[Problem details]
Line by line, repeat the material below exactly and leave the images out.

[Raw data]
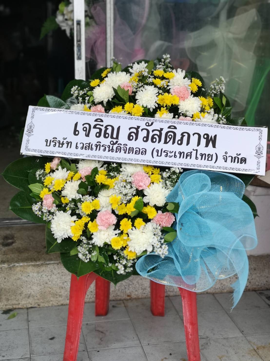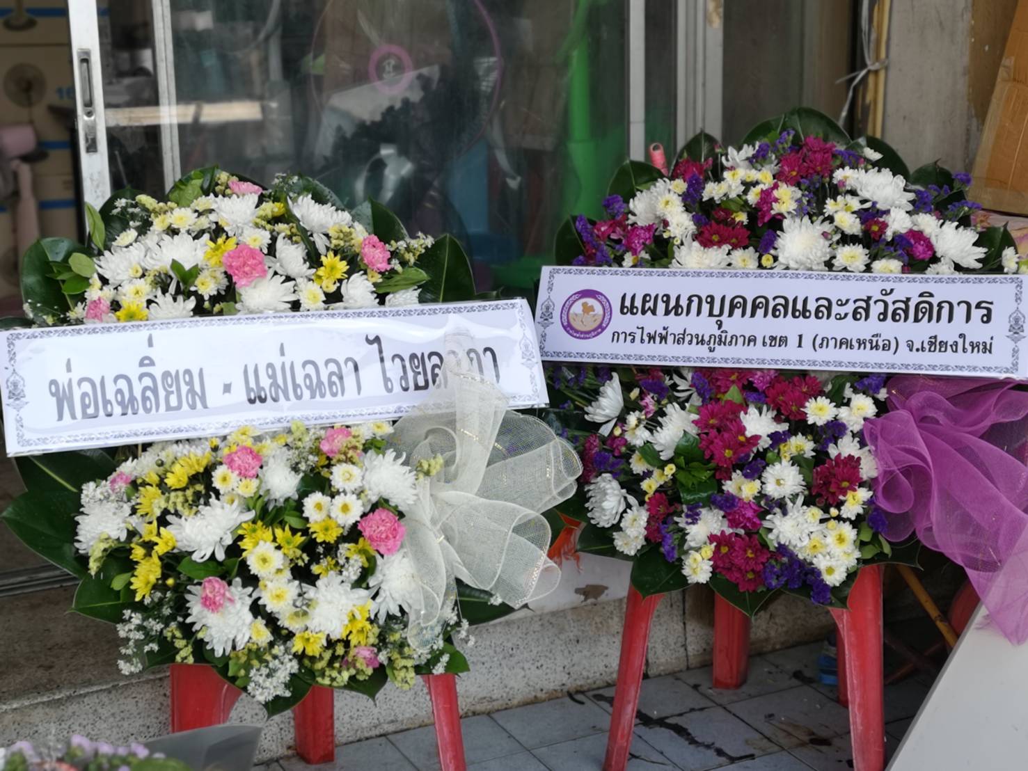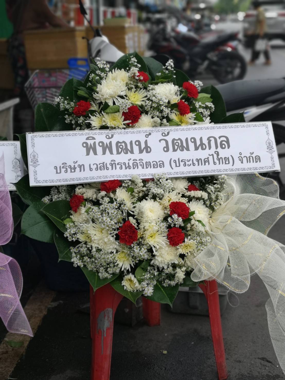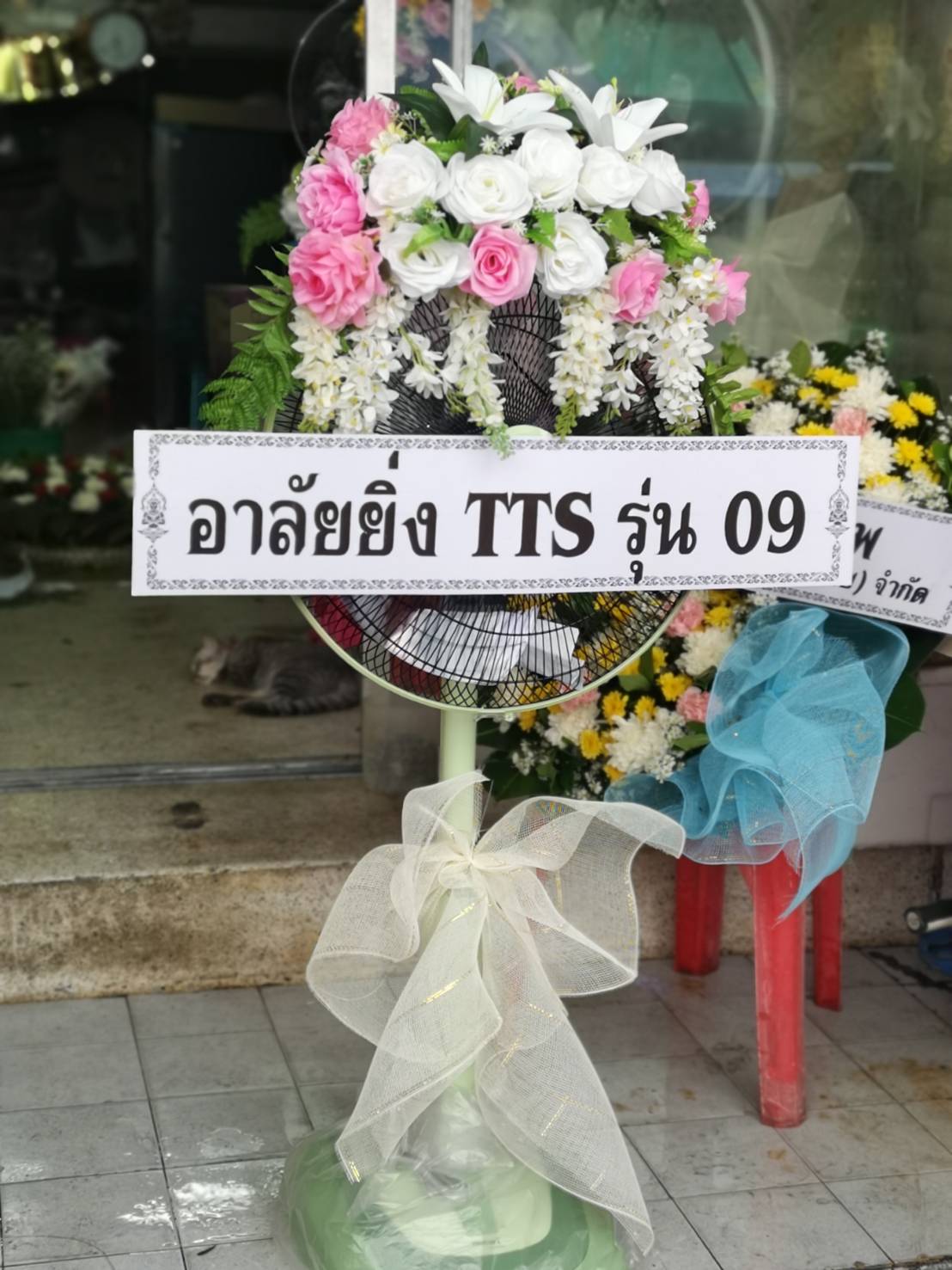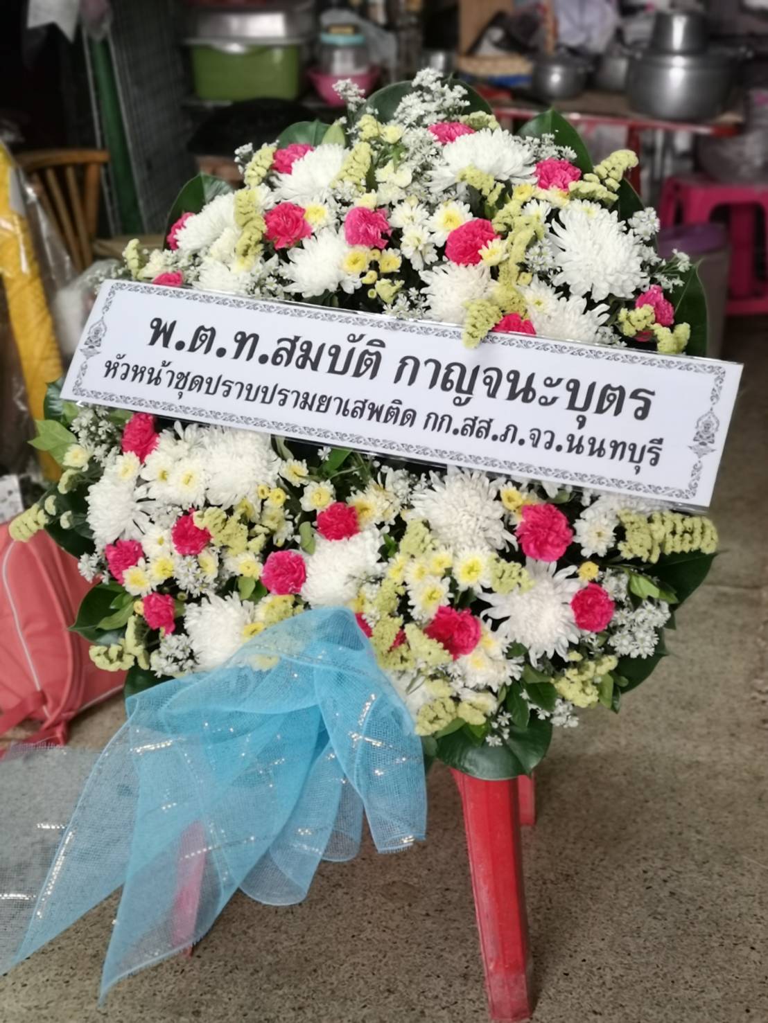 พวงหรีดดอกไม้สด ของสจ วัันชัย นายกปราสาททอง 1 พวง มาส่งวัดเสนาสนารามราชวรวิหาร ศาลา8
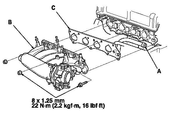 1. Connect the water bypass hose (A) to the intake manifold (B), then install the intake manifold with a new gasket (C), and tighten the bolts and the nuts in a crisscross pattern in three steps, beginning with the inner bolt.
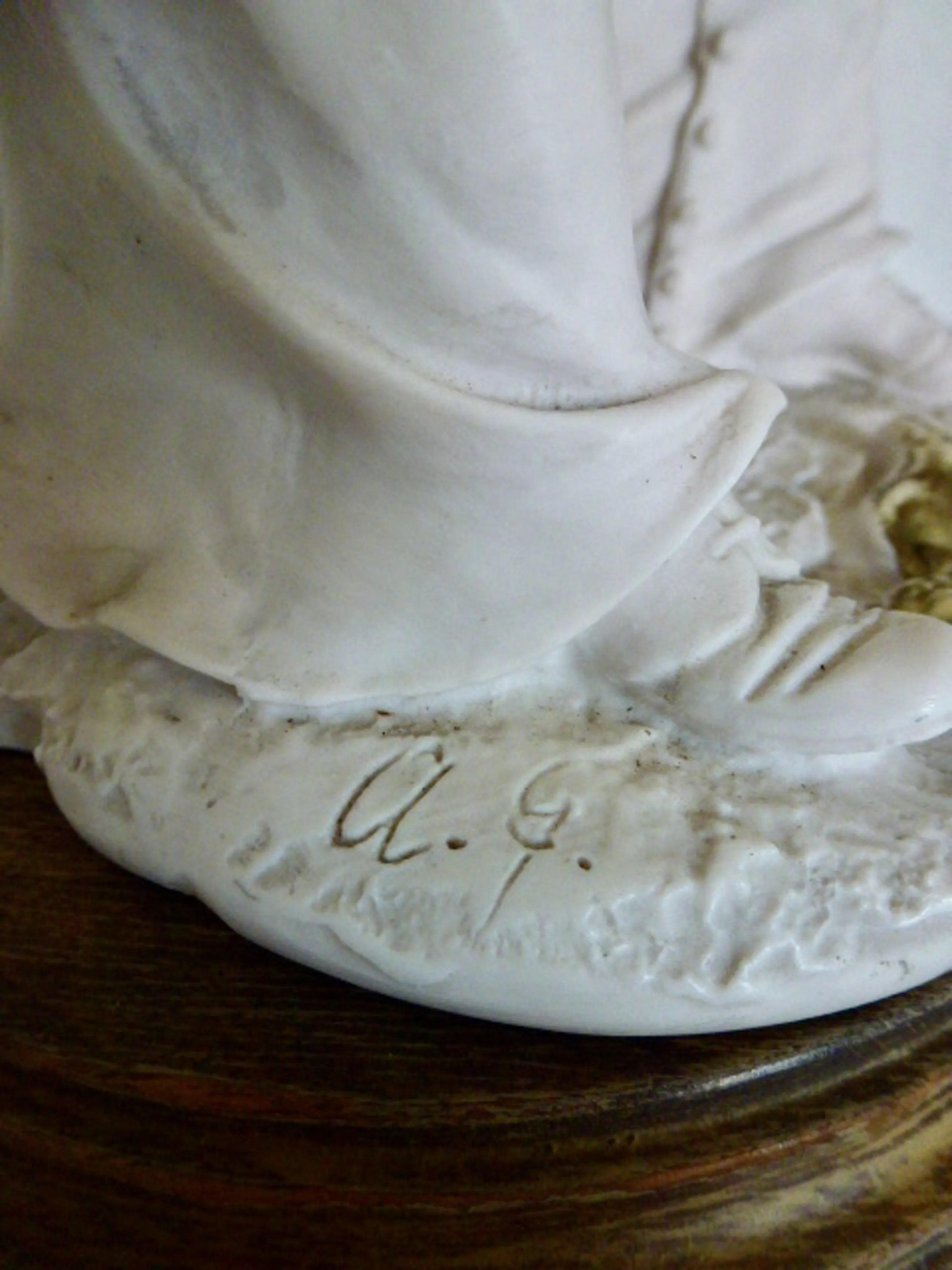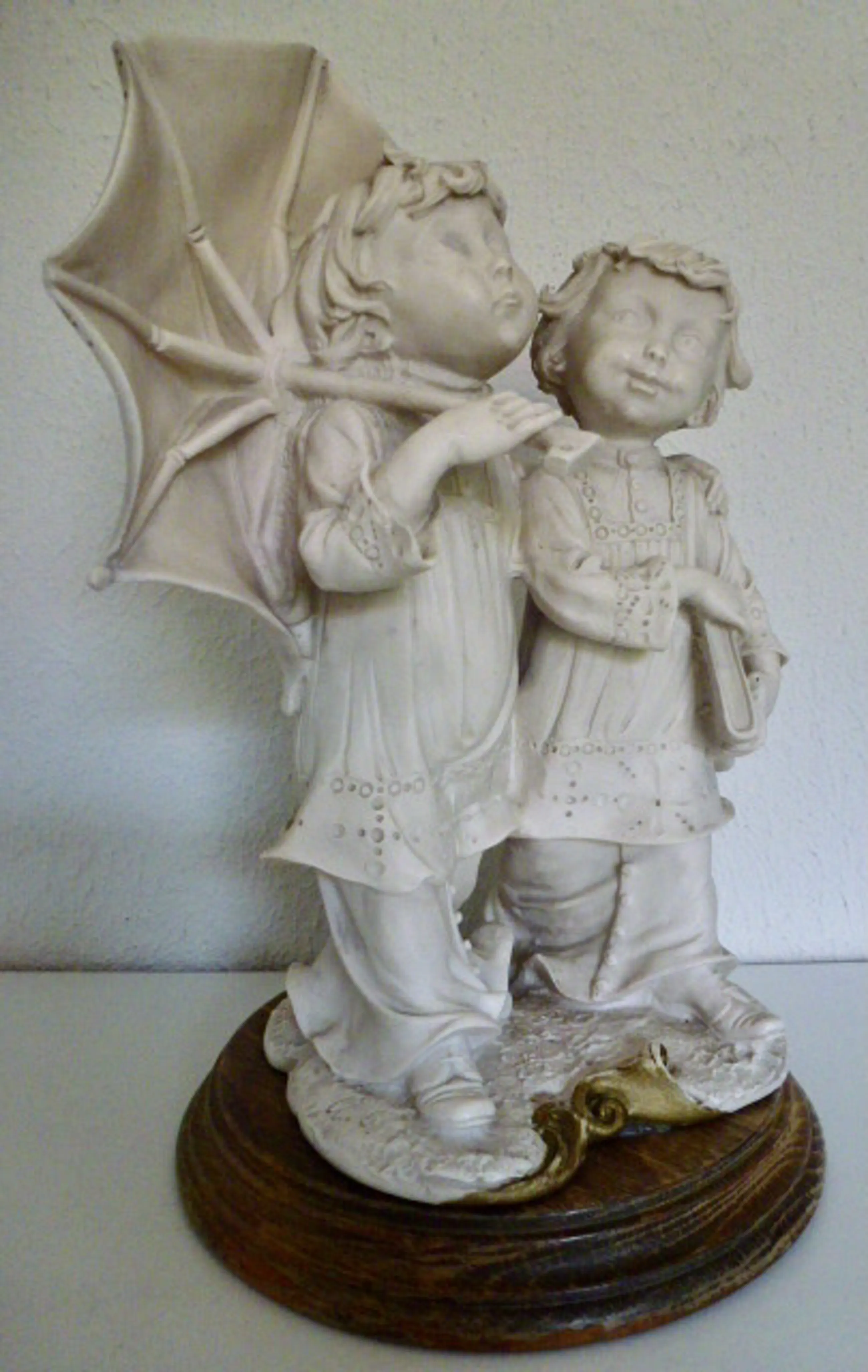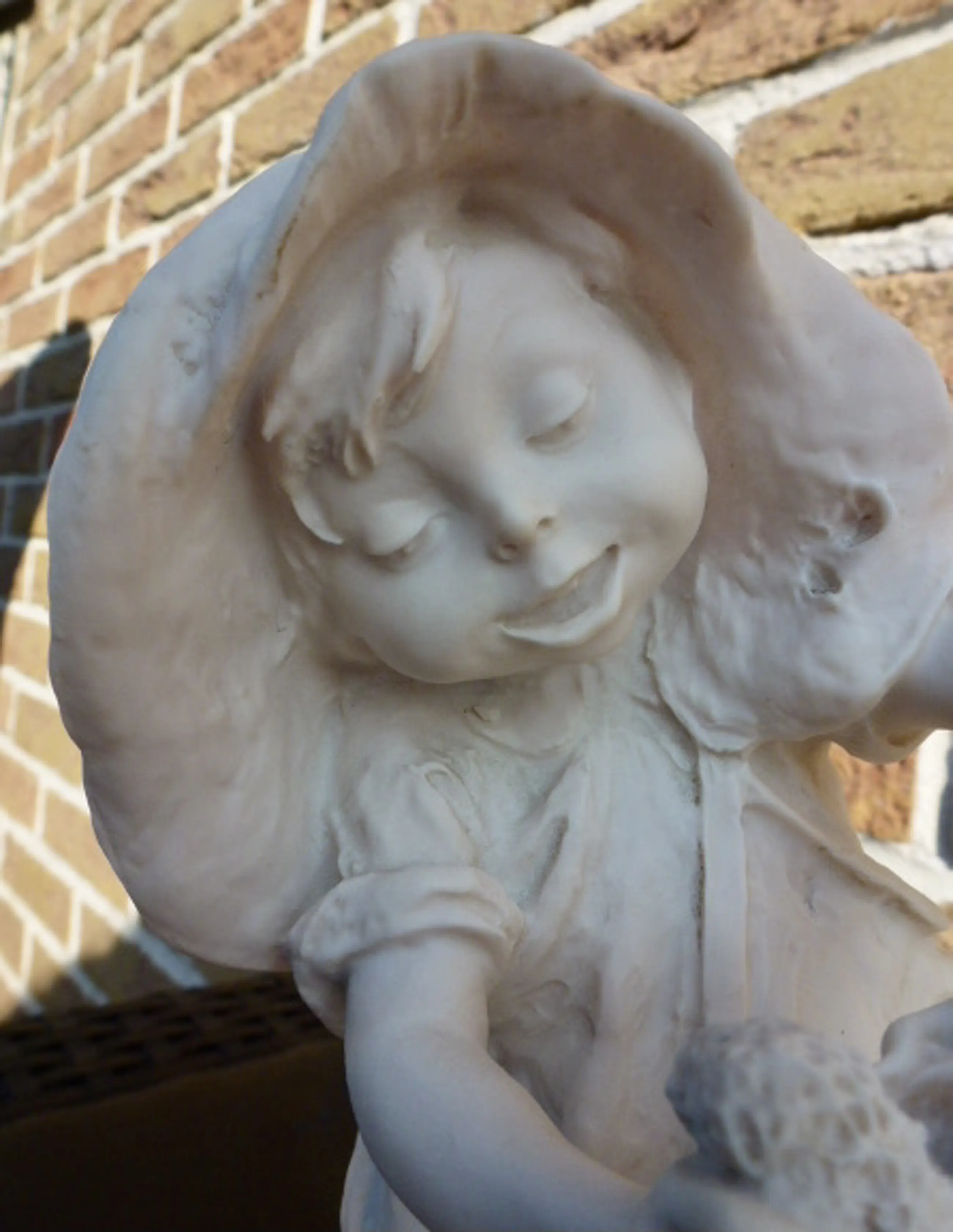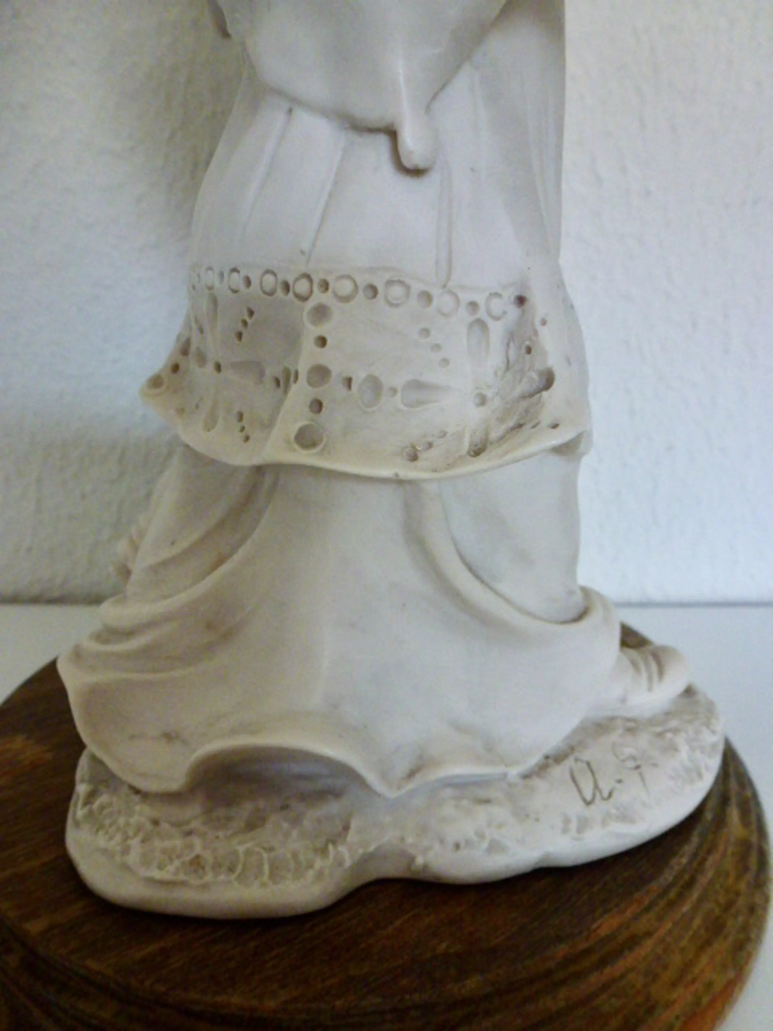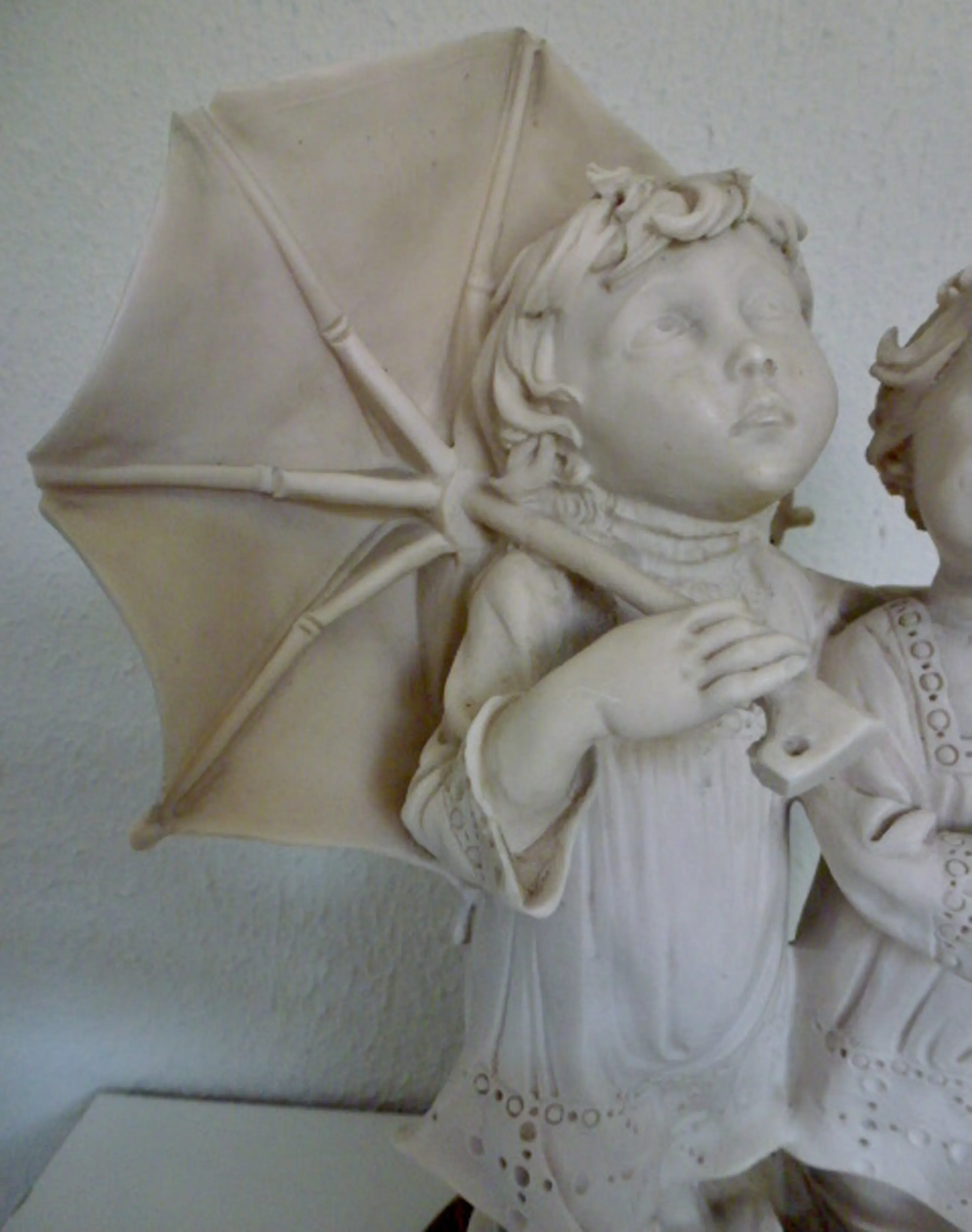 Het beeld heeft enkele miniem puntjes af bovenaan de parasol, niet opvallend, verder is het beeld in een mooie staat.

[Output for this exercise]
 พวงหรีดดอกไม้สด ของสจ วัันชัย นายกปราสาททอง 1 พวง มาส่งวัดเสนาสนารามราชวรวิหาร ศาลา8
 1. Connect the water bypass hose (A) to the intake manifold (B), then install the intake manifold with a new gasket (C), and tighten the bolts and the nuts in a crisscross pattern in three steps, beginning with the inner bolt.
 Het beeld heeft enkele miniem puntjes af bovenaan de parasol, niet opvallend, verder is het beeld in een mooie staat.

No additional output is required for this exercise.